Spring is not here yet so let’s warm up with some hot toddies! They could not be easier to make. For this classic cocktail, you’ll just need hot water, whiskey, honey, and lemon. Unlike your typical mulled wine, wassail, or warm cider, hot toddies are light and hydrating rather than overwhelmingly sweet. Recipe from the Cookie and Kate.

  • 3/4 cup water
  • 1 1/2 oz whiskey
  • 2 - 3 tsp honey, to taste
  • 2 - 3 tsp lemon juice, to taste
  • 1 lemon round
  • 1 cinnamon stick (optional, for garnish)
  • In a teapot or saucepan, bring the water to a simmer. Pour the hot water into a mug.
  • Add the whiskey, 2 teaspoons honey, and 2 teaspoon lemon juice. Stir until the honey has disappeared into the hot water. Taste, and add 1 teaspoon honey for more sweetness, and/or 1 teaspoon more lemon juice for more zing.
  • Garnish with a lemon round and cinnamon stick.

Flourless Chocolate Cake

This easy flourless chocolate cake with a silky chocolate ganache glaze is rich, decadent, and the perfect dessert for any celebration. The cake is gluten-free and delicious. Total time to make this cake is 1 hour 40 minutes. Recipe from Two Peas & Their Pod.


For the Cake

  • 1 cup semi-sweet chocolate chips or chopped chocolate
  • 1/2 cup unsalted butter
  • 3/4 cup granulated sugar
  • 1/4 tsp salt
  • 1 tsp vanilla extract
  • 3 large eggs, slightly beaten
  • 1/2 cup Dutch process cocoa powder

For the Chocolate Ganache

  • 1 cup semi-sweet chocolate chips or chopped chocolate
  • 1/2 cup heavy cream
  • Preheat oven to 375F. Grease an 8-inch round cake pan with non-stick cooking spray. Cut a piece of parchment to fit the bottom of the pan. Place it in the bottom of the pan and spray it with non-stick cooking spray. Set aside.
  • To make the cake, put the chocolate and butter in a large microwave-safe bowl, and heat until the butter is melted and the chips are soft, about one minute. Stir until the chocolate is melted and the mixture is smooth. If you need to reheat, do for 10 seconds at a time and stir.
  • Add the sugar, salt, and vanilla extract and stir to combine.
  • Add the eggs and stir until smooth. Add the cocoa powder and stir until just combined. Don’t overmix.
  • Pour the batter into the prepared pan and bake the cake for 25 minutes or until the cake has a thin crust on the top and the centre registers 200F on an instant-read thermometer.
  • Let the cake cool on a wire cooling rack for 10 minutes. Loosen the edges of the pan with a butter knife and carefully turn it upside down onto a cake plate or serving plate. The bottom of the cake will now be the top of the cake. Let the cake cool completely.
  • While the cake is cooling, make the chocolate ganache. Combine the chocolate and cream in a medium microwave-safe bowl, and heat until the cream is very hot so it will melt the chocolate. We always start with 30 seconds and check it. It might take longer; it just depends on your microwave. Remove from the microwave, and stir until the chocolate melts and the mixture is smooth.
  • Spread the chocolate ganache glaze evenly over the cooled cake. Let the glaze set up for a few hours before cutting and serving the cake. We always put it in the refrigerator to speed up the process.
  • Cut the cake into slices and serve with powdered sugar and raspberries, if desired. This cake is also great with whipped cream or ice cream.

Neighbourhood Gems

As the lockdown continues in the city, we know you’re missing your favourite restaurants more and more. Us too. We can’t WAIT to be able to dine out with our friends again, but, in the meantime, we’re still trying to support all of our local favourites…

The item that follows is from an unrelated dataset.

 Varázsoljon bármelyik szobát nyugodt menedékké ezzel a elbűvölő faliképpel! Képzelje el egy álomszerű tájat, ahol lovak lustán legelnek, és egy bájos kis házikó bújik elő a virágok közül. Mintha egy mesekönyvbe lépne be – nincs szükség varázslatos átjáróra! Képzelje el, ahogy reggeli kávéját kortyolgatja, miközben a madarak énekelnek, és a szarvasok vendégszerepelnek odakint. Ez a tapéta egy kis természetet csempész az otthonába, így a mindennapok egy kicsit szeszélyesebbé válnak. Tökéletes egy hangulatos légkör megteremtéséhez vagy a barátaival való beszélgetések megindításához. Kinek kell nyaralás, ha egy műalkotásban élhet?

Gare de L’Est: An authentic, modern French brasserie in the heart of Toronto’s vibrant east end, Gare de L’Est was named after one of the oldest and largest train terminals in Paris, France. It offers an extensive menu of traditional French fare and seasonal dishes with a focus on local ingredients. During lockdown, they continue to offer at-home meal kits, carefully selected wines, and pick-up/delivery options.

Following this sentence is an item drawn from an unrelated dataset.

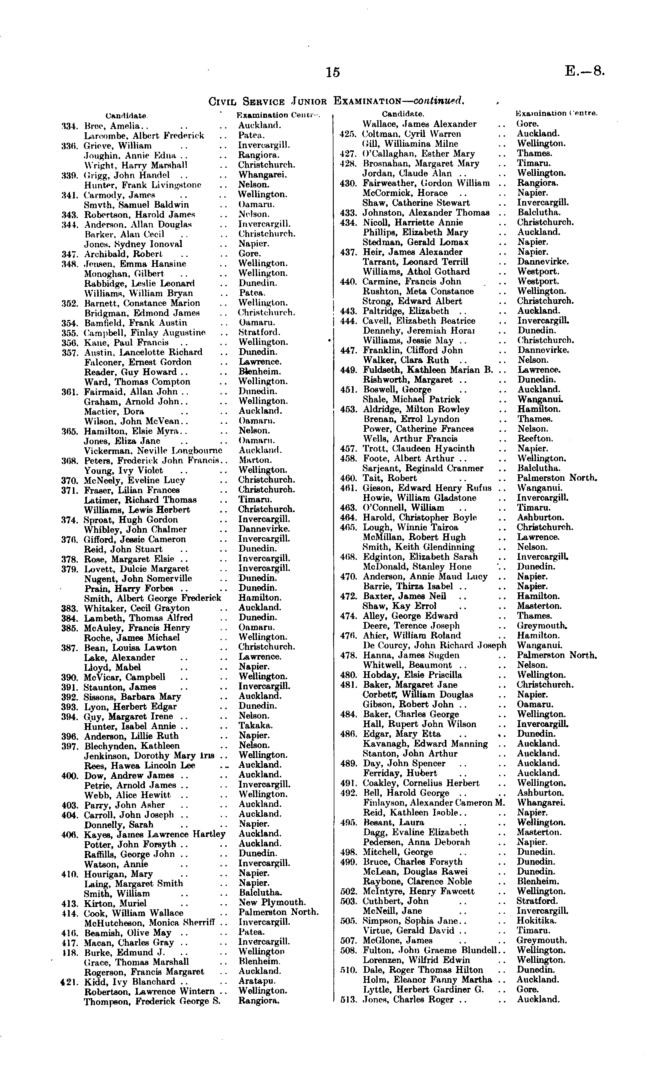 Candidate. Examination Oeunv. 'i:! 4. Bree, Amelia. . .. .. AiuUluikl. Laroombe, Albert Frederick .. Patei 336. Grieve, William .. .. [nveroargill. Joughin, Annie Edna .. .. Rangiora. Wright, Barry Marshall .. Chrietohnrch. 389. Grigg, John Handel .. .. VVhangarei. Hunter, Frank Livingstone .. Nelson. 341. Carmody, James .. .. Wellington. Smyth, Samuel Baldwin .. Oamaru. 343. Robertson, Harold James .. Nelson. 344. Anderson, Allan Douglas .. [nveroargill. Barker, Alan Cecil .. .. Chrutohuroh, Join's. Sydney lonoval .. Napier. 347. Archibald, Robert .. .. Gore. 348. Jensen, Emma Hansine .. Wellington. Monoghan, Gilbert .. .. Wellington. Rabbidge, Leslie Leonard .. Dnnedin. Williams. William Bryan .. Patea. :!fi2. Barnett, Oonetanoe Marion .. Wellington. Bridgman, Edmond James .. Chrietonnroh. :i.")4. Bamfield, Frank Austin .. Oaraaru. BBS. Campbell, Finlay Augustine .. Stratford. :t.">ti. Kane, Paul Francis .. .. Wellington. :!.->7. Austin. Lanoelotte Richard .. Dunedin. Kill oner. Ernest Gordon .. Lawmnoe. Reader, Guy Howard .. .. Blenheim. Ward, Thomas Compton .. Wellington. 36L Fairinaiil. Allan John .. .. Dunedin. Graham, Arnold John. . .. Wellington. Mactici. Dora .. .. Auckland. Wilson, John MeVean.. .. Oamaru. 365. Hamilton, Klsic M .. Nelson. Jones. Eliza Jane .. .. Oamaru. Vickcnnan. Neville Longboumc Auckland. :{<>s. I'ctcrs. Frederick John Francis.. Marion. Young, Ivy Violet .. .. Wellington. 170. MeNeely, Eveline Lnoy .. Christchurch. 371. Friiser, Lilian Frances .. (In istchinch. Latimer, Richard Thomas .. Timaru. Williams, Lewis Herbert .. Christchurch. 374. Sproat, Hugh Gordon .. Invercargill. Whibley, John Chalmer .. Danne\ hke. :i7li. Gilford, Jessie Cameron .. Invercargill. Reid, John Stuart .. .. Dunedin. 378. Rose, Margaret Elsie .. .. [nveroargill. l(7!t. I>ovett, Dulcie Margaret . . [nveroargill. Nugent. John Somcrvillc .. Dunedin. Pram, Harry Forbes .. .. Dunedin. Smith, Albert George Fre<leriek Hamilton. 38.T Wliitaker, Cecil Grayton . . Auckland. 384. Lambeth, Thomas Alfred .. Dunedin. 385. McAuley, Francis Henry .. Oamaru. Roche, James .Michael .. Wellington. 387. Bean, Louisa Lawton .. Christchureh. Lake, Alexander .. .. Lawrence. Lloyd, Mabel .. .. Napier. :i!)0. McVicar, Campbell .. .. Wellington. 301. Staunton, James .. .. Invercargill. 392. Sissons, Barbara Mary .. Auckland. 803. Lyon, Herbert Edgar .. Dunedin. 3!14. (i'uy, Margaret Irene .. .. Nelson. Hunter, Isabel Annie .. .. Takakn. 306. Anderson, Lillie Ruth .. Napier. 3!17. Blechynden, Kathleen . . Nelson. Jenkinson, Dorothy Mary Iris .. Wellington. Kecs, Hawea Lincoln l-ee .. Auckland. 400. Dow, Andrew James .. .. Auckland. I'etrie. Arnold James .. .. Invercargill. Wcl>li, Alice Hewitt .. .. Wellington. 403. Parry, John Asher .. . . Auckland. 404. Carroll, John Joseph .. .. Auckland. Donnelly, Sarah . . . . Napier. 406. Kayes, James I>awrenee Hartley Auckland. Potter, John Forsyth .. .. Auckland. Raffills, George John .. .. Dunedin. Watson. Annie .. .. Inverciiruill. 410. Hourigan, Mary .. .. Napier. l<aing. Margaret Smith .. Napier. Smith, William .. .. Bnlclutha. 413. Kirton, Muriel .. .. New Plymouth. 414. Cook, William Wallace .. Palmerston North. McHutcheson. Monica Slienill .. [nveroargill. 416. Beamish, Olive May . . . . Patea. H7. Macau, Charles Cray .. .. Invercargill. lls. Burke, Edmund J. .. ■• Wellington Crace. Thomas Marshall .. Blenheim Bogenoa, Franoh Margaret .. Auckland. 421. Kidd, Ivy Blanchard .. .. Aratapu. Robertson, Lavrenoe Winters .. Wellington. Thompson, Frederick George S. Rangiora.

The Host: Traditional Indian recipes prepared with new techniques and given an innovative presentation. The Host offers the purest experience of a rich culinary culture. Their food is made with the highest quality ingredients, and we know you’ll find the flavours sublime. The locations in the city are currently open for takeout, delivery, and catering. If you live in Richmond Hill, this location is now open for indoor dining.

Rooster Coffeehouse: With three locations around the city – on Broadview, King, and Jarvis – Rooster Coffeehouse offers up delicious coffee, teas, chocolates, kombucha, cookies, and more! In order to keep you safe, they are offering takeout right now, limiting the number of customers in store, and have free contactless delivery for a number of their products. Grab a coffee and treat to go, and explore the parks and Don River trails.